Safdar Ali¹, Nouraiz Aslam¹, DoHyeun Kim ², Asad Abbas³, Sania Tufail¹, Beenish Azhar¹

1Department of Software Engineering, University of Lahore, Lahore, Punjab, Pakistan

2Department of Computer Engineering, Jeju National University, Jeju, Jeju, South Korea

3Department of Computer Science, University of Central Punjab, Lahore, Punjab, Pakistan

DOI: 10.7717/peerj-cs.1186

Published: 2023-04-27
Accepted: 2023-01-17
Received: 2021-09-03

Academic Editor: Yilun Shang

Subject Areas: Human-Computer Interaction, Artificial Intelligence, Computer Vision, Data Mining and Machine Learning
Keywords: Convolutional neural networks (CNNs), Deep neural networks (DNNs), Sketch recognition, TU-Berlin

Copyright: © 2023 Ali et al.
Licence: This is an open access article distributed under the terms of the Creative Commons Attribution License, which permits unrestricted use, distribution, reproduction and adaptation in any medium and for any purpose provided that it is properly attributed. For attribution, the original author(s), title, publication source (PeerJ Computer Science) and either DOI or URL of the article must be cited.

Cite this article: Ali S, Aslam N, Kim D, Abbas A, Tufail S, Azhar B. 2023. Context awareness based Sketch-DeepNet architecture for hand-drawn sketches classification and recognition in AIoT. PeerJ Computer Science 9:e1186 https://doi.org/10.7717/peerj-cs.1186

Abstract

A sketch is a black-and-white, 2-D graphical representation of an object and contains fewer visual details as compared to a colored image. Despite fewer details, humans can recognize a sketch and its context very efficiently and consistently across languages, cultures, and age groups, but it is a difficult task for computers to recognize such low-detail sketches and get context out of them. With the tremendous increase in popularity of IoT devices such as smartphones and smart cameras, etc., it has become more critical to recognize free hand-drawn sketches in computer vision and human-computer interaction in order to build a successful artificial intelligence of things (AIoT) system that can first recognize the sketches and then understand the context of multiple drawings. Earlier models which addressed this problem are scale-invariant feature transform (SIFT) and bag-of-words (BoW). Both SIFT and BoW used hand-crafted features and scale-invariant algorithms to address this issue. But these models are complex and time-consuming due to the manual process of features setup. The deep neural networks (DNNs) performed well with object recognition on many large-scale datasets such as ImageNet and CIFAR-10. However, the DDN approach cannot be carried out for hand-drawn sketches problems. The reason is that the data source is images, and all sketches in the images are, for example, ‘birds’ instead of their specific category (e.g., ‘sparrow’).
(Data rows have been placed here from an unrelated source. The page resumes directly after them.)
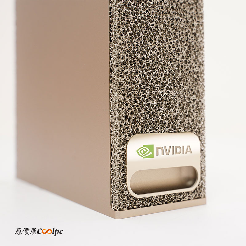 完全不割手的前面板發泡金屬(Metal Foam)前衛的造型設計!除了耐看之外,多個細小開孔可以讓正常氣流進入,讓機器有正常的空氣流動,底下還有一塊 NVIDIA 立體銘牌!
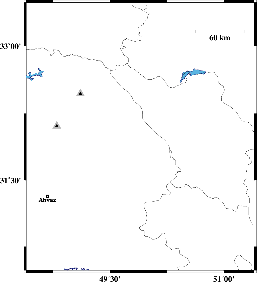 2009/10/18 | 11:12:29.7 | 14:42:29.7 | 31.98 | 49.9 | 14 | ML:3.1 | Khoozestan Province, 16 km North of Izeh | ||
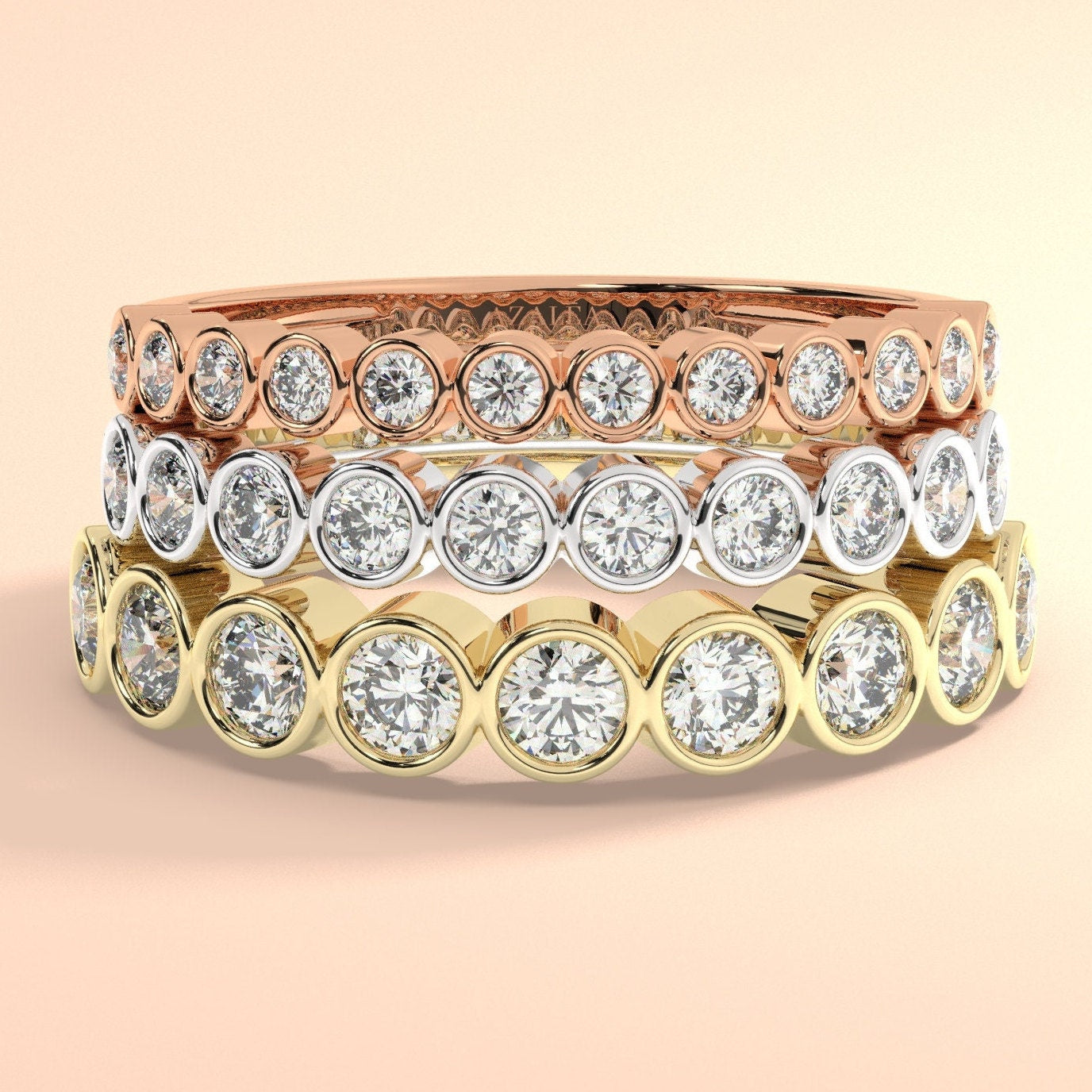 Bezel Set Diamond Wedding Band / 0.25 - 1 CT Bezel Set Halfwaty Eternity Wedding Ring / Diamond Anniversary Ring / Wedding Gift

Some deep learning approaches for sketch recognition problems exist in the literature, but the results are not promising because there is still room for improvement. This article proposed a convolutional neural network (CNN) architecture called Sketch-DeepNet for the sketch recognition task. The proposed Sketch-DeepNet architecture used the TU-Berlin dataset for classification. The experimental results show that the proposed method beats the performance of the state-of-the-art sketch classification methods. The proposed model achieved 95.05% accuracy as compared to existing models DeformNet (62.6%), Sketch-DNN (72.2%), Sketch-a-Net (77.95%), SketchNet (80.42%), Thinning-DNN (74.3%), CNN-PCA-SVM (72.5%), Hybrid-CNN (84.42%), and human recognition accuracy of 73% on the TU-Berlin dataset.

Introduction

Nowadays, we find sketches in many aspects of daily life, and they play a significant role in human-computer interaction, education, recording, and suspect identification. AIoT-based systems can be built in order to obtain maximum benefits from hand-drawn sketches which allow the user to first draw the sketch on any touch-screen device, and then the drawn sketch can be used to search for the object over the internet or understand the context in the case of multiple sketches in AIoT based systems. The first challenge in implementing such systems is to develop an accurate and useful sketch classification model.
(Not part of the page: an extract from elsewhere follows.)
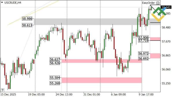 - USCrude: восходящий тренд набирает силу, цена пробила верхнюю целевую зону 58.98–58.61, следующая цель — золотая зона 60.66–60.48.

The main purpose of sketch classification is to properly identify the class or label of the drawn object over a pre-determined set of classes. For this, it is important to find distinctive and powerful features of the given sketch image. Previous work on sketch classification generally utilized the image classification approach by extracting hand-crafted features from sketch images and then feeding them to a classifier. Existing approaches which is based on the handcrafted feature extraction methodology are HOG (Dalal & Triggs, 2005), SIFT (Lowe, 2004), SSIM (Shechtman & Irani, 2007), fisher vector (Schneider & Tuytelaars, 2014), and GF-HOG (Hu et al., 2013). These feature descriptors are often combined with a bag of visual words (BoW) (McCallum & Nigam, 1998; Joachims, 1998) to yield final features for the classification purpose. However, these features are sensitive concerning the user point of view. Additionally, the ability of algorithms to train the classification models is also affected by the hand-crafted features. Also, it is nearly impossible to manually identify the number of edges and corners representing good features for a dataset that consists of 250 categories of sketches. Therefore, there is still significant room to improve the classification accuracy of hand-drawn sketches because the accuracy of the existing techniques is not attractive.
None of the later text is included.